THE DATA:
=====
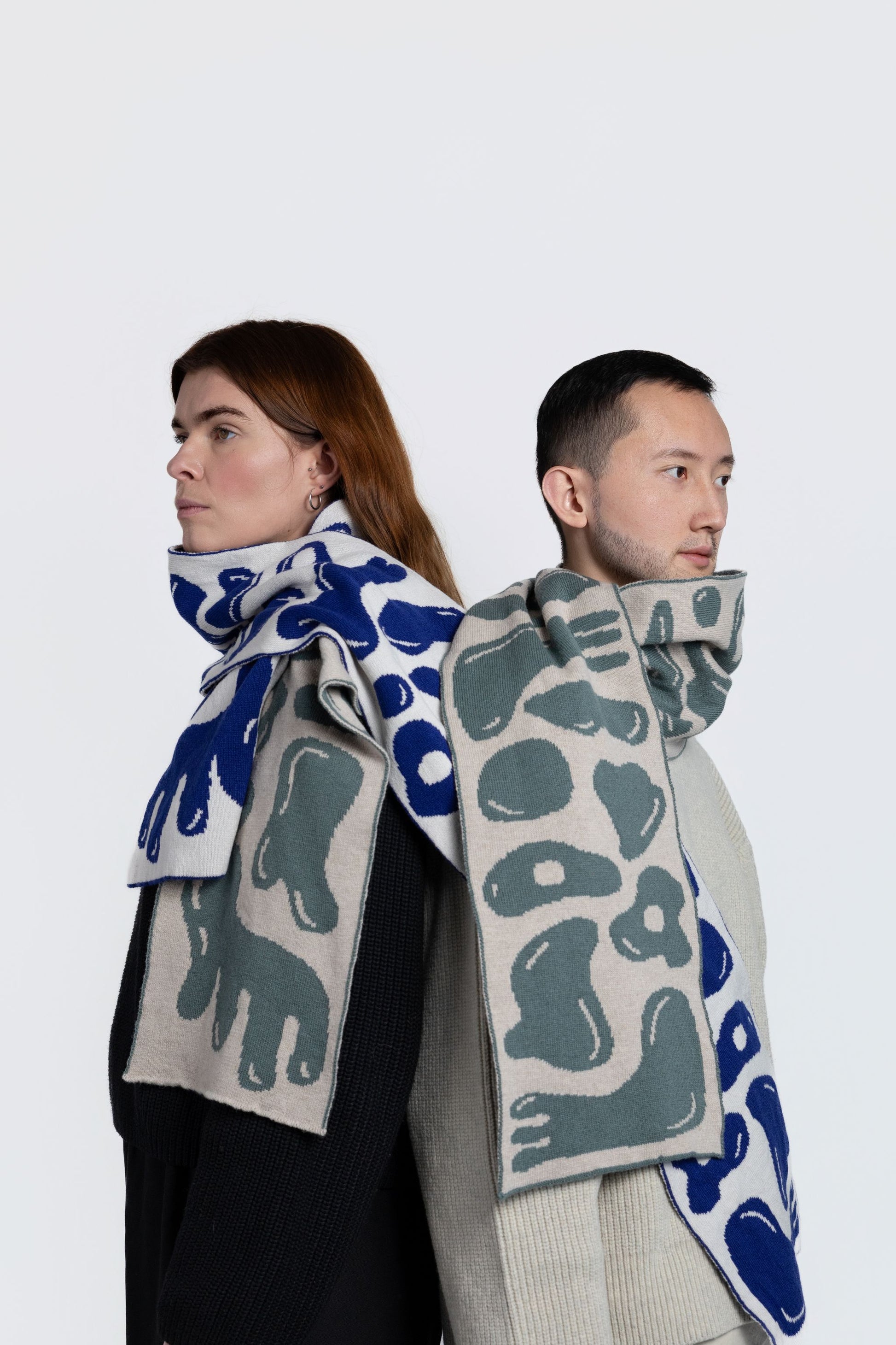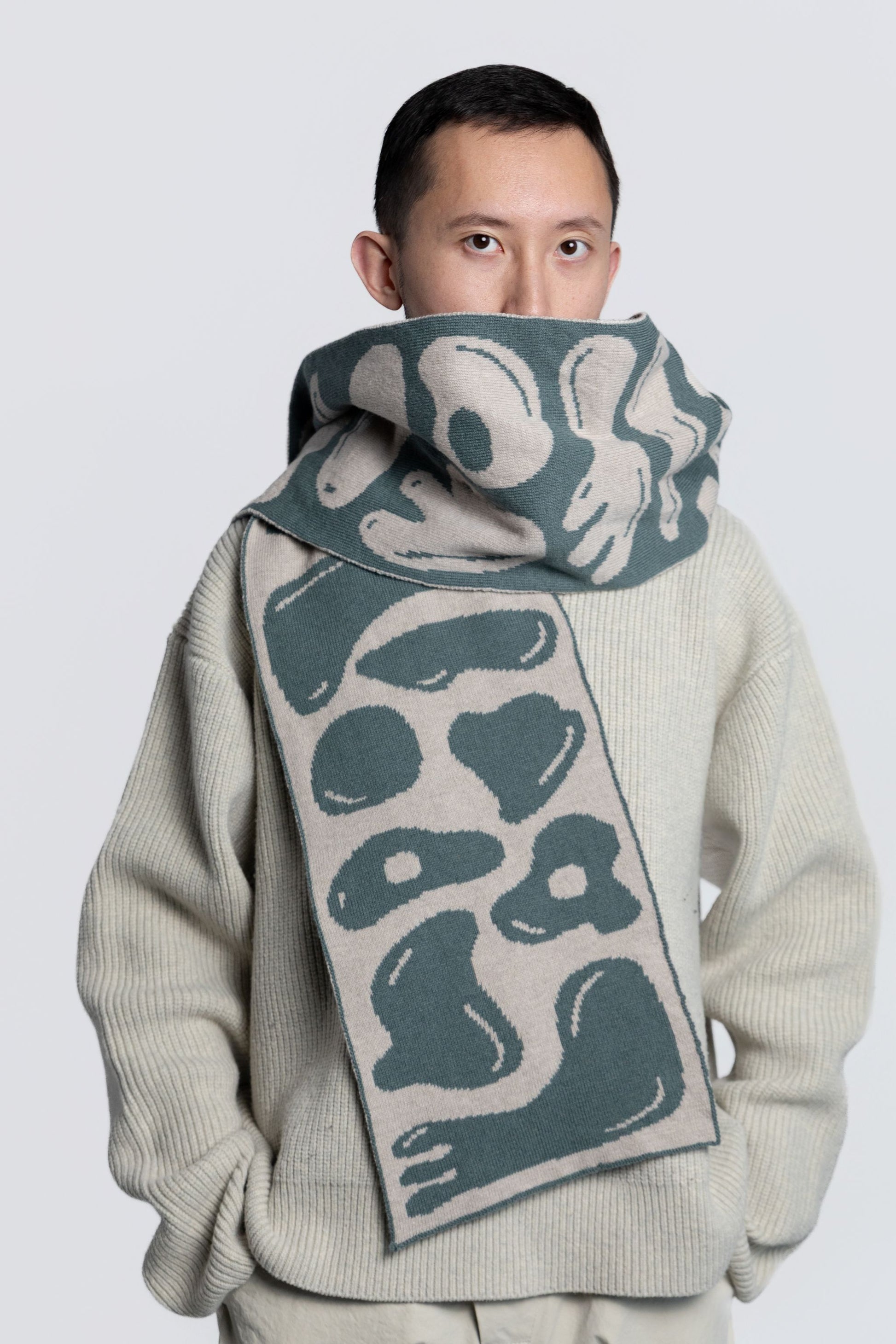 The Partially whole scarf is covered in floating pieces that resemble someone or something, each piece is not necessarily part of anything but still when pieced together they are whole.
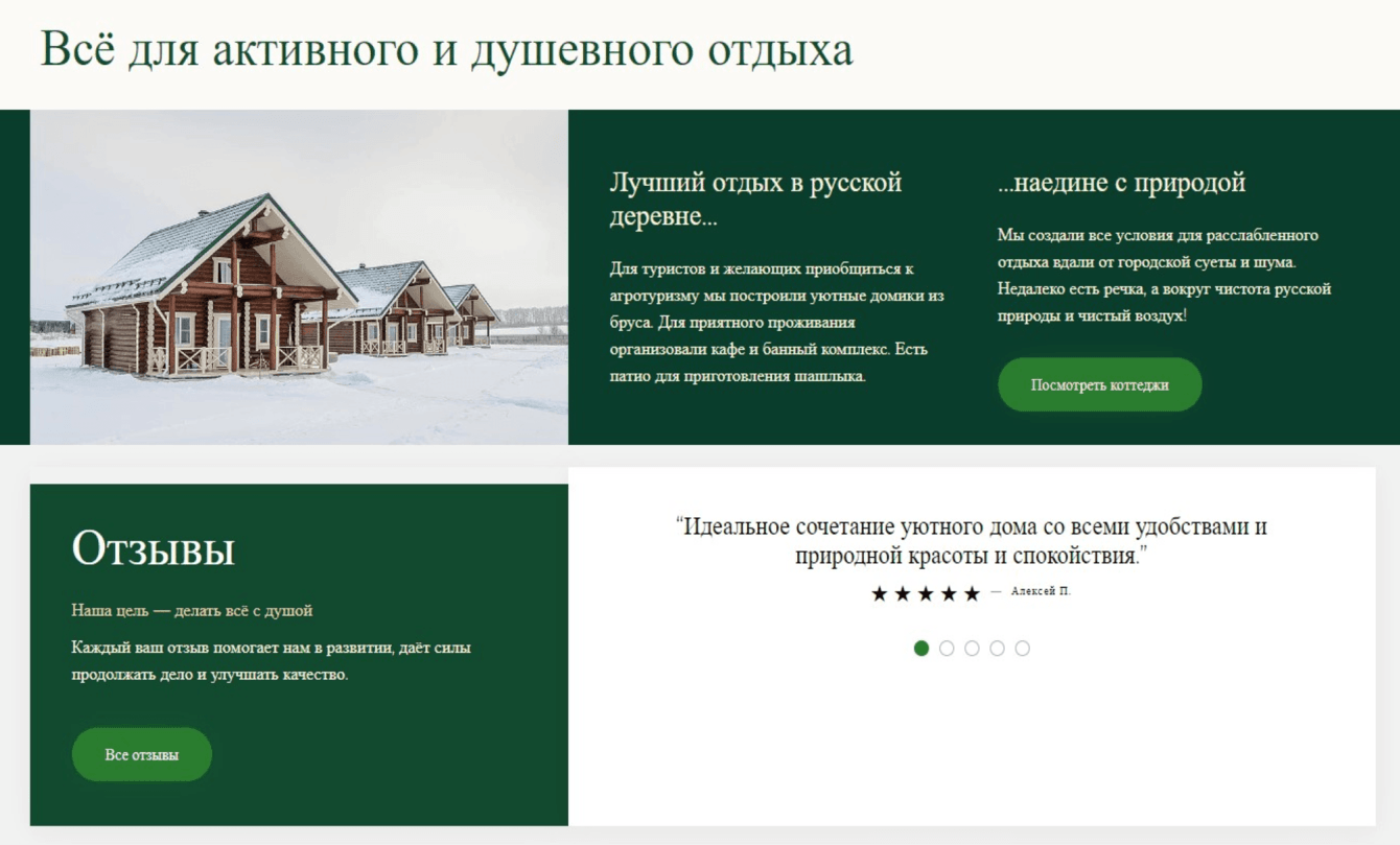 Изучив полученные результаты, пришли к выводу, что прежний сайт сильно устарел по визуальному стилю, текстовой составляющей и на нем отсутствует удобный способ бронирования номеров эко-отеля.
=====
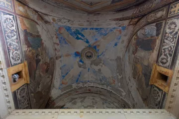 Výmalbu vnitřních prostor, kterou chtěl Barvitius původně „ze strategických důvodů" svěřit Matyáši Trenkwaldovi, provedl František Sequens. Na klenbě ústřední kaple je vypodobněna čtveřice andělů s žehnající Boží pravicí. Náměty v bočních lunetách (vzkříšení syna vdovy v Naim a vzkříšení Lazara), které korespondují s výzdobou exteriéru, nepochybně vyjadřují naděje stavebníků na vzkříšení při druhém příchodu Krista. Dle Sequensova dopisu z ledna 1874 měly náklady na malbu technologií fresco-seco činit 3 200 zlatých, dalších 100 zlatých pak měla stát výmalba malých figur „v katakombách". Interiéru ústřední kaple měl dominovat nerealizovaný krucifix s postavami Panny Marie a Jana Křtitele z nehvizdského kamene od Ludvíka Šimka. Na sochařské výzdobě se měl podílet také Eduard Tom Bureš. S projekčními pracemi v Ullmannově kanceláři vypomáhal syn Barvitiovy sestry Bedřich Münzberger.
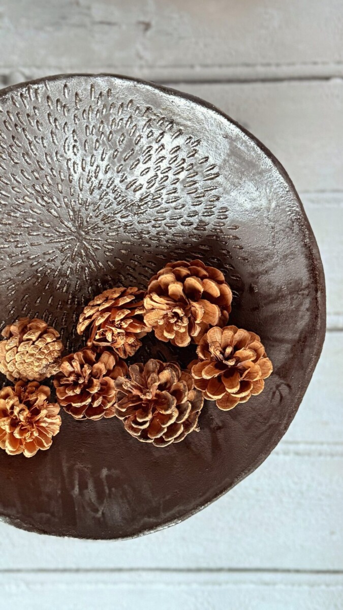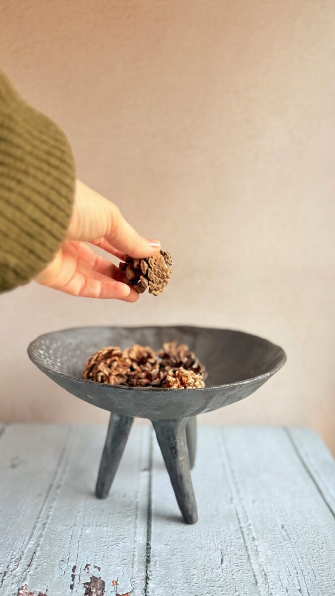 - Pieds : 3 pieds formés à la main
=====
PROBLEM DETAILS:
Within the listing above, write out the stretch from the line with "Výmalbu vnitřních prostor, kterou" through the line with "- Pieds : 3 pieds formés à la main" exactly. Any pictures are to be left out.

SOLUTION:
 Výmalbu vnitřních prostor, kterou chtěl Barvitius původně „ze strategických důvodů" svěřit Matyáši Trenkwaldovi, provedl František Sequens. Na klenbě ústřední kaple je vypodobněna čtveřice andělů s žehnající Boží pravicí. Náměty v bočních lunetách (vzkříšení syna vdovy v Naim a vzkříšení Lazara), které korespondují s výzdobou exteriéru, nepochybně vyjadřují naděje stavebníků na vzkříšení při druhém příchodu Krista. Dle Sequensova dopisu z ledna 1874 měly náklady na malbu technologií fresco-seco činit 3 200 zlatých, dalších 100 zlatých pak měla stát výmalba malých figur „v katakombách". Interiéru ústřední kaple měl dominovat nerealizovaný krucifix s postavami Panny Marie a Jana Křtitele z nehvizdského kamene od Ludvíka Šimka. Na sochařské výzdobě se měl podílet také Eduard Tom Bureš. S projekčními pracemi v Ullmannově kanceláři vypomáhal syn Barvitiovy sestry Bedřich Münzberger.
 - Pieds : 3 pieds formés à la main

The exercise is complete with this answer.